Ver no escuro... Voar nas trevas! Os homens, usando a inteligência, descobriram aparelhos que permitem fazer o que o instinto sopra as aves noturnas. Os aviões modernos conseguem voo cego. A olho nu não se vê um palmo diante dos olhos. Os modernos aviões sobem e descem, voam a qualquer velocidade, baseados apenas em cálculos, na aparelhagem...
Importante é ser capaz de voar nas trevas, ser capaz de movimentar-se na escuridão, mas sempre a serviço do bem e não a serviço da destruição e da morte.

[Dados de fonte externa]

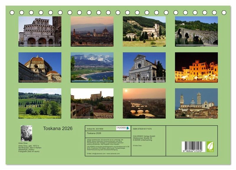 QUALITÄT - Hochwertiger Fotokalender mit 12 wunderschönen Motiven auf lichtbeständigem Bilderdruckpapier, robuste Spiralbindung.NACHHALTIG - deutliche Abfallreduzierung durch bedarfsgerechte Einzelstückfertigung, umweltfreundliches FSC-zertifiziertes Papier, Produktion in Deutschland, klimabewusste Logistik.PERFEKTES GESCHENK - Kalender für Freunde und Familie, für Kinder und Erwachsene, jung und alt, zu Weihnachten, Geburtstag oder zwischendurch.VIELFALT - Bildkalender in verschiedenen Formaten, z.B. DIN A5, DIN A4, DIN A3 sowie DIN A2. Ob Naturmotiv, Gemälde oder Fotos, ideal für ein persönliches Wohlfühlambiente.Traumhafte Fotos von der vielseitigen Toskana von Autor(in): Anke Grau

O homem que fica de tocaia porque recebeu dinheiro para matar o adversário do poderoso é ave de rapina. Bom é saber mover-se no mundo das sombras e guardar o amor a luz. Ave noturna pela necessidade de acudir a quem está nas trevas, ótimo!

Ave noturna no sentido de trocar o dia pela noite, a claridade pela sombra, não.

O mundo todo, não apenas o nosso País, nem apenas o mundo pobre, anda muito cheio de sombras, de fantasmas, de ameaças de morte, de assombrações... Para mover-se com segurança nesta hora turva, nada como lembrar-nos de que Cristo, nosso Irmão, venceu as trevas, venceu a morte.

A ressurreição de Cristo marcou para sempre nossas vidas. Na medida em que nos impregnamos do espírito de Cristo, devemos ser pascais, isto é, marcados pela Páscoa, pela ressurreição de Cristo.


Por mais longo que seja o túnel que esteja sendo atravessado, por mais espessa que seja a noite que esteja sendo vivida, sem sobra de lua ou de estrelas, ao menos interiormente ilumina-nos o Sol da Justiça. Por mais que sejamos obrigados a aprender com as aves noturnas a ver no escuro e voar na escuridão, não percamos jamais, nem de longe, um imenso amor à luz, certos de que ela vencerá as trevas, como a vida rirá da morte!